Rüsselsheimer Tierheim: Neues großzügiges Zuhause für 24 Hunde
22.10.2010 - RÜSSELSHEIM
Von Alexandra Ehrhardt
Warm und großzügig, so lassen sich die drei neuen Hundehäuser im Tierheim beschreiben, in denen demnächst 24 herrchenlose Hunde auf ein neues Zuhause warten dürfen. „Die alten Gehege waren so traurig, dass man zum Schluss nicht mehr mit gutem Gewissen die Tiere dort unterbringen konnte“, sagte Claudia Vietmeier-Kemmler, die Vorsitzende des Tierschutzvereins, bei der offiziellen Einweihung der Hundehäuser.
Baukosten belaufen sich auf 120.000 Euro
„Bobby“, „Dingo“ und „Bella“ heißen die Häuschen, so wie die ehemaligen Hunde von Marianne Friebe, die die Gesamtbaukosten von rund 120.000 Euro zu drei Vierteln übernommen hatte.
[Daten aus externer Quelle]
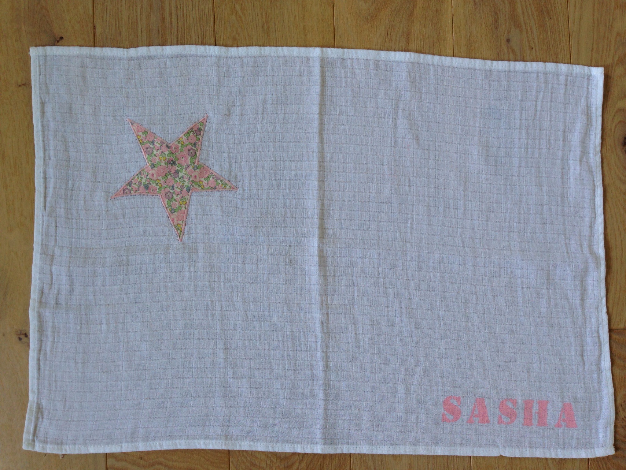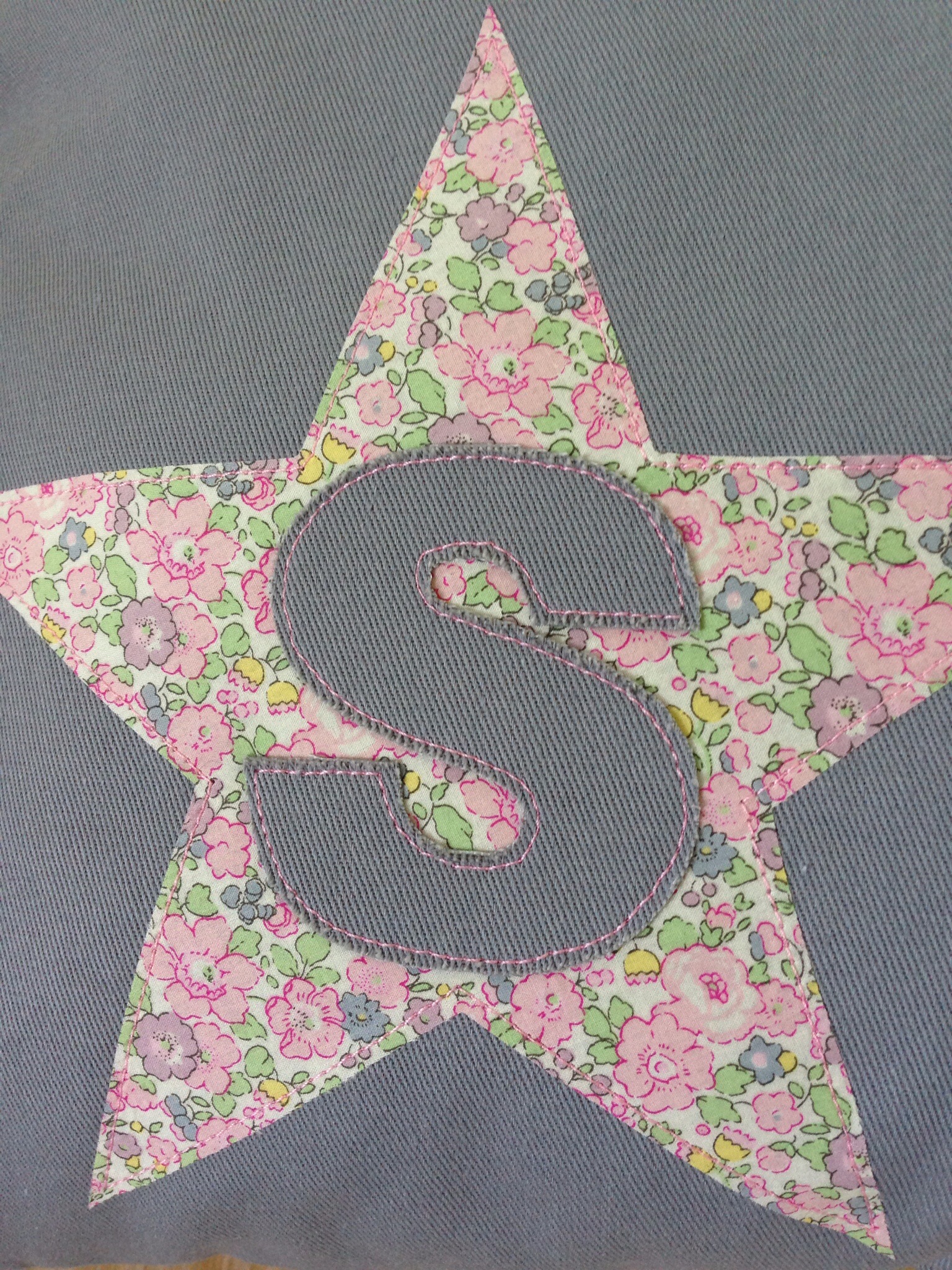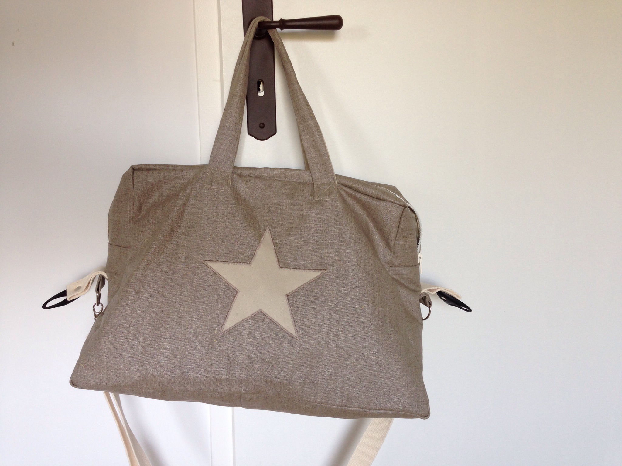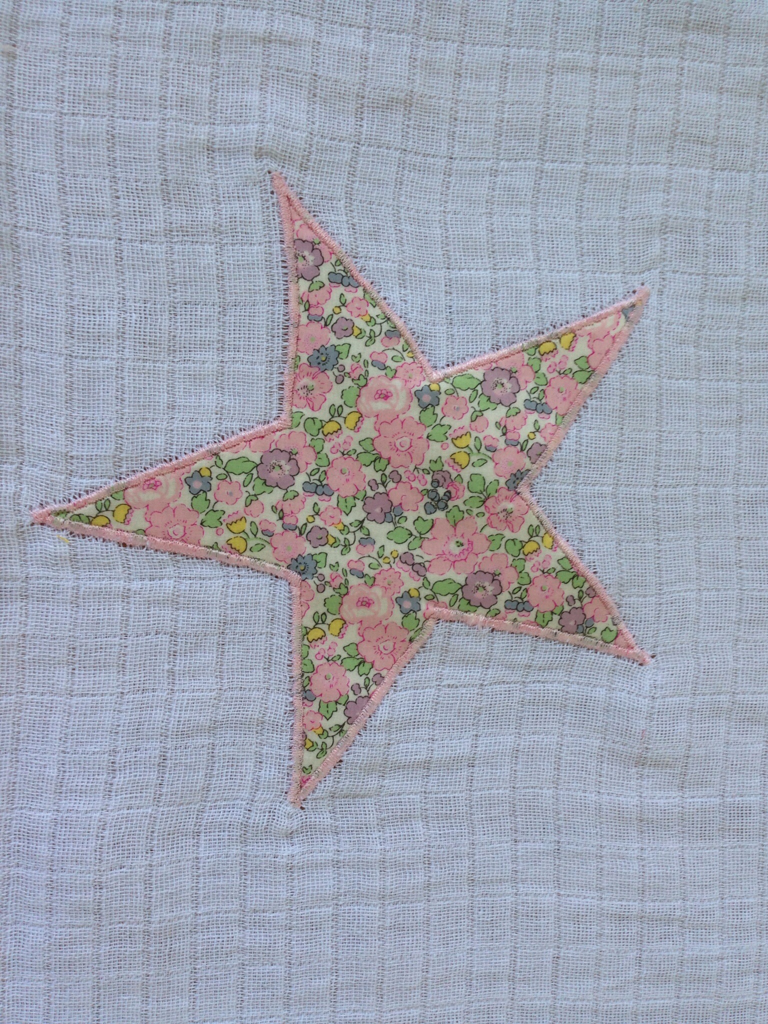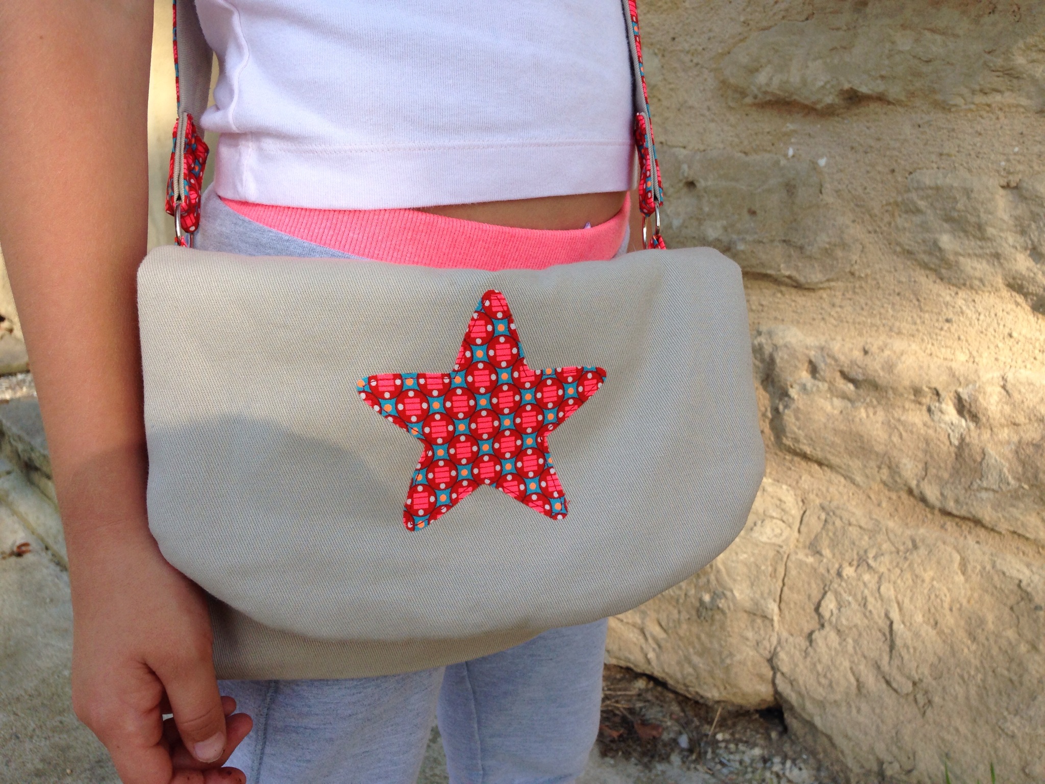 J’ai donc fait une poche extérieur ( au dos) et sur le devant il y avait normalement une poche soufflée mais je ne trouvais pas ça joli alors j’ai remplacé par un appliqué étoile ( beaucoup plus sobre à mon goût !)

Das restliche Geld war durch sogenannte Baustein-Paten und aus den Rücklagen des Tierheims selbst erbracht worden. Friebes Mann Horst hatte als Architekt und Bauingenieur die drei Häuser mit je zwei neun Quadratmeter großen Gehegen und den Freiflächen geplant. Leben werden dort in wenigen Tagen, wenn die letzten Arbeiten abgeschlossen sind, 24 – vornehmlich große und schwierige – Hunde.
„Unser oberstes Ziel ist die Vermittlung der Tiere. Wenn diese sich in ihren Gehegen wohl fühlen, strahlen sie das auch aus“, so die Vorsitzende, deren nächstes Projekt die Suche nach Baum- und Buschpaten ist. Durch diese Geldspenden soll die Begrünung der noch etwas trostlos wirkenden Außenbereiche finanziert werden.
Im Februar waren die Bagger in den hinteren Bereich des Tierheims gerollt. „Der Bau war für uns sehr aufwändig gewesen, allein die vielen Anträge, die Emissionsproben und die Tatsache, dass all diese Arbeiten ehrenamtlich neben unserer eigentlichen Tätigkeit erledigt wurden“, blickte Vietmeier-Kemmler auf die vergangenen Monate zurück.
Unermüdliches Engagement beim Spendensammeln
Marianne Friebe, die 2006 für ihr jahrzehntelanges Engagement für das Tierheim das Bundesverdienstkreuz verliehen bekommen hatte, sammelt das Geld durch regelmäßige Basare in der heimischen Garage. „Die zu verkaufenden Gegenstände bekomme ich selbst gespendet. Heute morgen zum Beispiel habe ich wieder vier Kartons mit wunderbaren Sachen erhalten“, so die 75-jährige Walldorferin, die vor drei Jahren die schwerbehinderte Katze Mauki aus dem Tierheim bei sich aufgenommen hat.